National Family Caregiver Support Program
If you are caring for someone over the age of 60 or someone with Alzheimer's or other dementias, funding may be available through the National Family Caregiver Support Program administered through your local Area Agency on Aging (AAA). Contact your AAA about respite funding options. Find your local AAA by visiting Eldercare.gov or calling (800)-677-1116.
State family caregiver support or respite programs
These are not available in every state. If your state has a state-funded family caregiver support or respite program, you may have respite funding available. Click here for more information about a range of caregiving supports by state.
Lifespan Respite Care Programs
These are not available in every state, but the ones that do often provide respite vouchers, grants, or stipend programs to help families pay for respite through self-directed programs*, especially for those caregivers who do not qualify for other publicly funded programs. See if your state has a Respite Voucher Program and apply.
*Remember that self-directed programs are Medicaid-managed.
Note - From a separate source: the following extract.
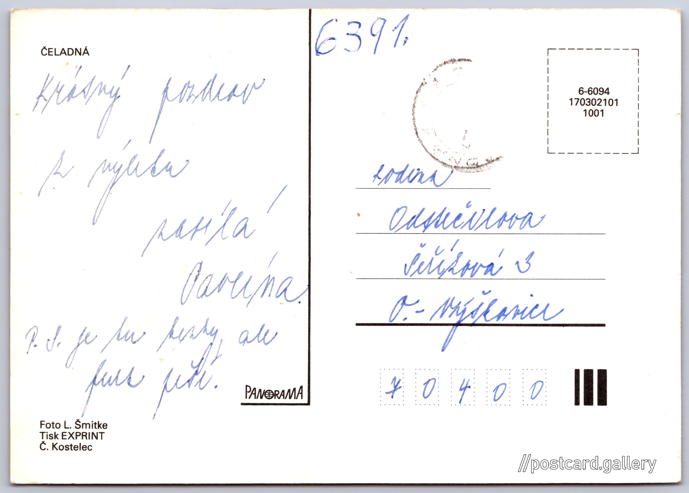 Čeladná Pokud chcete vidět pohlednice ve vyšším rozlišení nebo zobrazovat jejich zadní stranu, tak se prosím nejdříve přihlašte Přihlásit Zaregistrovat Čeladná ČELADNÁ Jazyk tištěného textu na pohlednici: čeština Čeladná, Obec, Česko ukázat na mapě V blízkém okolí místa zobrazeného na pohlednici lze najít 16 jiných pohlednic. Zobrazit blízké pohlednice Vydavatel: Panorama (Československo) Datum vydání není známo Pomozte nám odhadnout datum vzniku pohlednice Velikost (š x v) a tvar pohlednice: 148 x 105 mm (5.83" x 4.13"), obdélník Osoby spjaté s touto pohlednicí: L. Šmitke(Autor fotografie) Prošlá poštou Kódy na pohlednici: 6-6094 170302101 1001 DiskuseVložit příspěvek Přidat novou složku ... Spravovat složky ...

Lifespan Respite Care may also advocate for volunteer or faith-based respite services that offer free or low-cost respite care. State Lifespan Respite Care programs may also work in collaboration with a State Respite Coalition. Contact your State Lifespan Respite Care Program or State Respite Coalition for more information.
Private funding sources and faith-based organizations
Check out these sources to get an idea of the programs available. This is not an exhaustive list and you are likely to find more by conducting your own search:
The Hilarity for Charity (HFC) Caregiver Respite Program, in conjunction with Home Instead, delivers 3-6 months of free, professional, in-home care.
The Association for Frontotemporal Degeneration (AFTD) has the Comstock Respite Grant Program.
The National Organization for Rare Diseases (NORD) offers financial assistance for respite care (up to $500 annually) to caregivers who meet income eligibility guidelines and are caring for a child or adult with a confirmed rare disease diagnosis.
Some local or state affiliates of organizations such as Easterseals, The Arc, the National Multiple Sclerosis Society, and the ALS Association may offer respite funding assistance or services on a sliding fee scale.
Many faith-based organizations provide a range of home and community-based services, including respite, for disabled people, older adults, and their family caregivers, at no or low cost. Check with your local faith organizations, starting with your loved one's organization (if they are - or were - a member of one).
Average costs of different types of respite care according to the 2021 Aging & You Genworth survey:
Short-term, on-demand services like adult day care are the least expensive, with costs averaging $74 a day nationally.
Assisted living facilities are the next most affordable option, averaging $141 a day.
In-home care is the most expensive option, averaging $150 a day for a home health aide.